Оксана Алексеева - Экзамен по социализации
Белов — мой закадычный враг, мой извечный обидчик и главное действующее лицо моих кошмаров — усмехнулся, поднялся, вышел в проход и… опустился на пол, продолжая смотреть прямо на меня. От удивления я встала, ощущая, как нагнетается тишина вокруг.
— Костик, это че за новый прикол? — раздалось откуда-то сбоку.
— Не прикол, — ответил Костя, но глаза его искрились весельем. Все же это игра — он смотрит, как я поведу себя в такой ситуации. Ох, милый мой, я не подведу!
Шагнула из-за парты, чтобы стоять прямо перед ним, с наслаждением подчеркивая свое положение.

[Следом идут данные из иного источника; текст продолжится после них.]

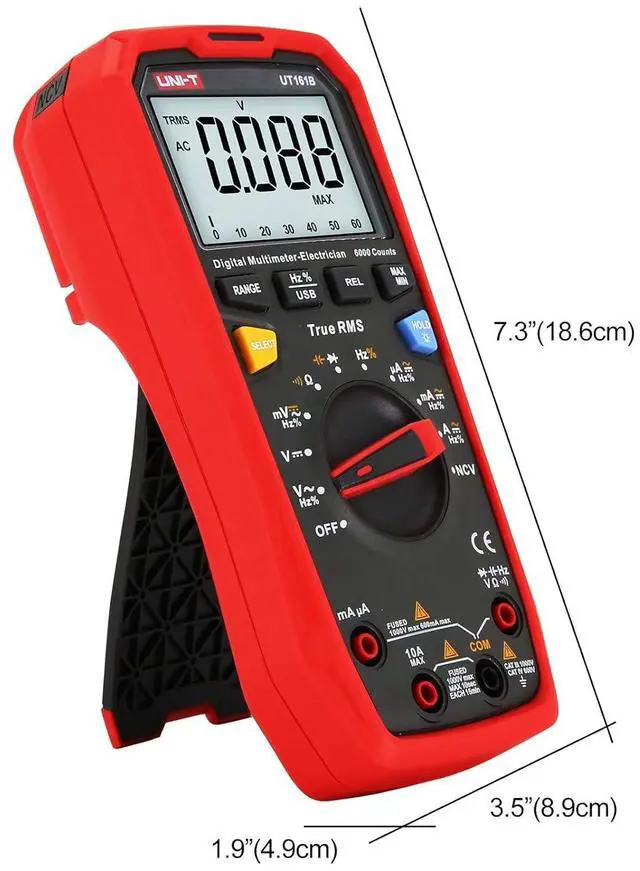UT161B is safety rated CAT III 1000V/CAT IV 600V.

— Знаешь, Белов, это очень мило с твоей стороны, но все же вынуждена тебе отказать. Ты мне совсем не нравишься. Страшный, глупый, злой… тошнотворный, — тишина заполнялась недоуменными перешептываниями.
Да, он сейчас совсем не в той же ситуации, в которой оказалась когда-то я, и ему хватило выдержки продолжать этот театр:
— Подумай еще разок, Николаева! Может, это последний твой шанс? — это угроза будущей расправы за унижение или он просто сводит все в шутку для окружающих? Но мне стало все равно. Кажется, я попросту устала бояться.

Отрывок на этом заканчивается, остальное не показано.